*** EXTRACTED ENTRIES Section Begins ***

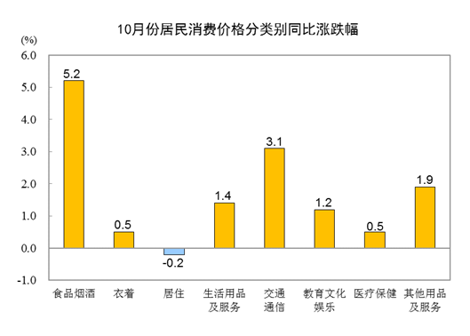 國家統(tǒng)計局:10月份居民消費價格同比上漲2.1%,環(huán)比上漲0.1%
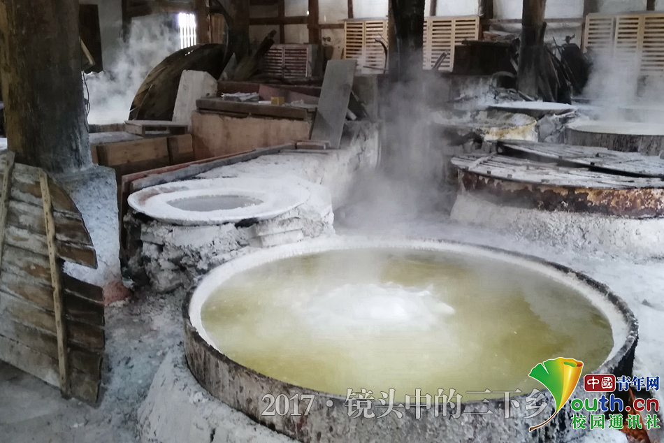 自贡燊海井,是人类钻井历史上第一口超千米深井,1988年,燊海井正式被四川省人民政府列为全国重点保护文物。燊海井一直保持传统的制盐方式,以盐锅煎制盐为主精产小部分盐品是亮点。大火熊熊燃烧,锅内盐水翻腾、白烟滚滚。福尔摩斯盐团队队员亲自体验制盐乐趣,看似容易的翻盐,没两下就见队员汗
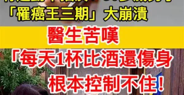 有運動不抽煙!50多歲男子「罹癌王三期」, 大崩潰 醫生苦嘆「每天1杯比酒還傷身」:根本控制不住
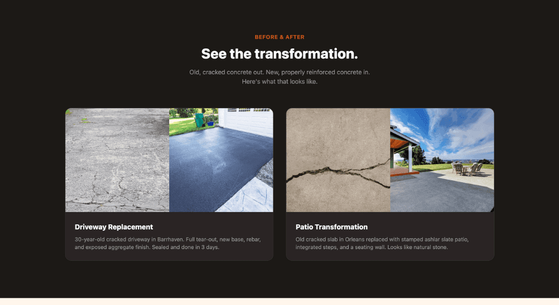 Two before/after project cards on a dark background show real transformations — a cracked driveway replaced with exposed aggregate, and an old slab turned into a stamped patio. Below, a warm orange-tinted "Built to Last" section explains why the concrete won’t crack — proper base prep, rebar reinforcement, control joints, and a written warranty. Four benefit cards with technical details give homeowners confidence that this isn’t a fly-by-night operation.
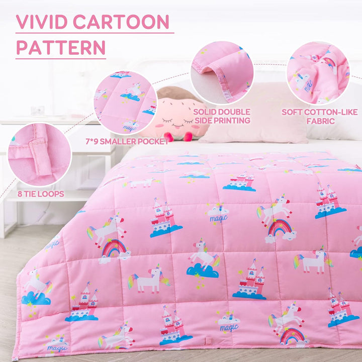 Fancy Pattern Helps Kid Explore: The weighted blanket kids features vivid and cute prints, which satisfies your kid's childish curiosity and boosts their imagination, leading your child into sweet dreamland. In children's dreams, they play happily with dinosaurs.
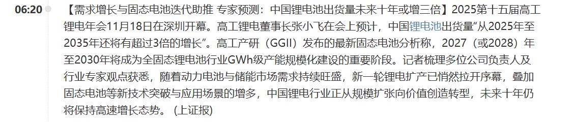锂电大利好!未来十年还有超3倍的需求空间?那这确定性不是杠杠的吗? 2025第十五届高工锂电年会上,高工锂电董事长张小飞在会上预计,中国锂电池出货量“从2025年至2035年还将有超过3倍的增长”。高工产研(GGII)发布的最新固态电池分析称,2027(或2028)年至2030年将成为全固态锂电池行业GWh级产能规模化建设的重要阶段。 大家看高工锂电董事长的这个表态,是不是对于锂电产业链而言是重量级利好? 未来十年锂电池出货量还有将超3倍的增长,那未来体量得有多大?固态电池2027年开始产能规模化,那还要什么油车? 只要固态电池技术日益成熟,成本问题不断解决,我相信未来电车直接由市场化的方式取代油车,必然是大势所趋! 固态电池充电效率,衰减程度,安全性能都将大幅碾压现在的液体电池。到时充换电和加油一样,但是成本却更低,那么作为消费者而言,买车选什么呢? 我想答案不言而喻! 所以未来锂电产业链的高景气度是有保障的,因此,大家不要被昨天的调整所吓跑了!
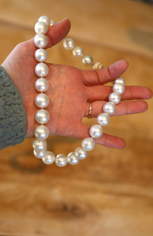 Extraordinary South Sea Pearl Necklace with Pavé Diamond Clasp
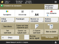Този екран се появява при натискане на <Настройки> на екрана с настройки за сканиране в <Сканиране и запаметяване>. Той ви позволява да конфигурирате настройките за сканиране на оригиналите по-ясно.
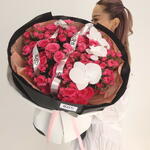 Этот букет — воплощение страсти и элегантности. Сочные розовые кустовые розы создают пышное цветочное облако, которое выглядит роскошно и выразительно. Белоснежные орхидеи фаленопсис добавляют в композицию изысканности и утончённости, подчеркивая контраст нежности и яркости. Такой букет станет идеальным подарком для признания в чувствах, для важного торжества или особого события, где нужны яркие эмоции и роскошный акцент. Рекомендации по уходу: перед установкой букета в вазу обновите срезы стеблей на 1–2 см под углом. Вода должна быть прохладной, менять её рекомендуется каждые 1–2 дня. Держите букет в прохладном месте, избегайте прямых солнечных лучей и сквозняков. Для орхидей важно сохранять достаточную влажность, поэтому можно слегка опрыскивать их лепестки водой.
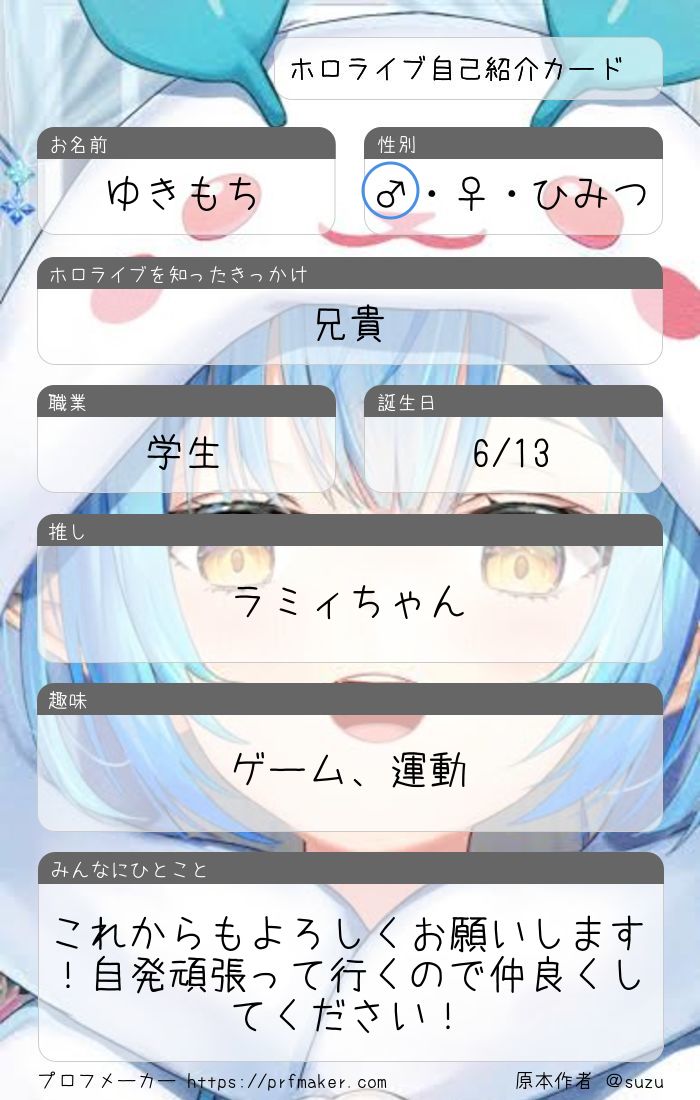 ホロライブ5期生雪花ラミィ様推し用の自己紹介テンプレートです

*** EXTRACTED ENTRIES Section Ends ***

### WHAT YOU SHOULD DO
Begin at the first line of the records and please reproduce every line exactly through the one containing "Fancy Pattern Helps", leaving all pictures out.

### YOUR RESPONSE
 國家統(tǒng)計局:10月份居民消費價格同比上漲2.1%,環(huán)比上漲0.1%
 自贡燊海井,是人类钻井历史上第一口超千米深井,1988年,燊海井正式被四川省人民政府列为全国重点保护文物。燊海井一直保持传统的制盐方式,以盐锅煎制盐为主精产小部分盐品是亮点。大火熊熊燃烧,锅内盐水翻腾、白烟滚滚。福尔摩斯盐团队队员亲自体验制盐乐趣,看似容易的翻盐,没两下就见队员汗
 有運動不抽煙!50多歲男子「罹癌王三期」, 大崩潰 醫生苦嘆「每天1杯比酒還傷身」:根本控制不住
 Two before/after project cards on a dark background show real transformations — a cracked driveway replaced with exposed aggregate, and an old slab turned into a stamped patio. Below, a warm orange-tinted "Built to Last" section explains why the concrete won’t crack — proper base prep, rebar reinforcement, control joints, and a written warranty. Four benefit cards with technical details give homeowners confidence that this isn’t a fly-by-night operation.
 Fancy Pattern Helps Kid Explore: The weighted blanket kids features vivid and cute prints, which satisfies your kid's childish curiosity and boosts their imagination, leading your child into sweet dreamland. In children's dreams, they play happily with dinosaurs.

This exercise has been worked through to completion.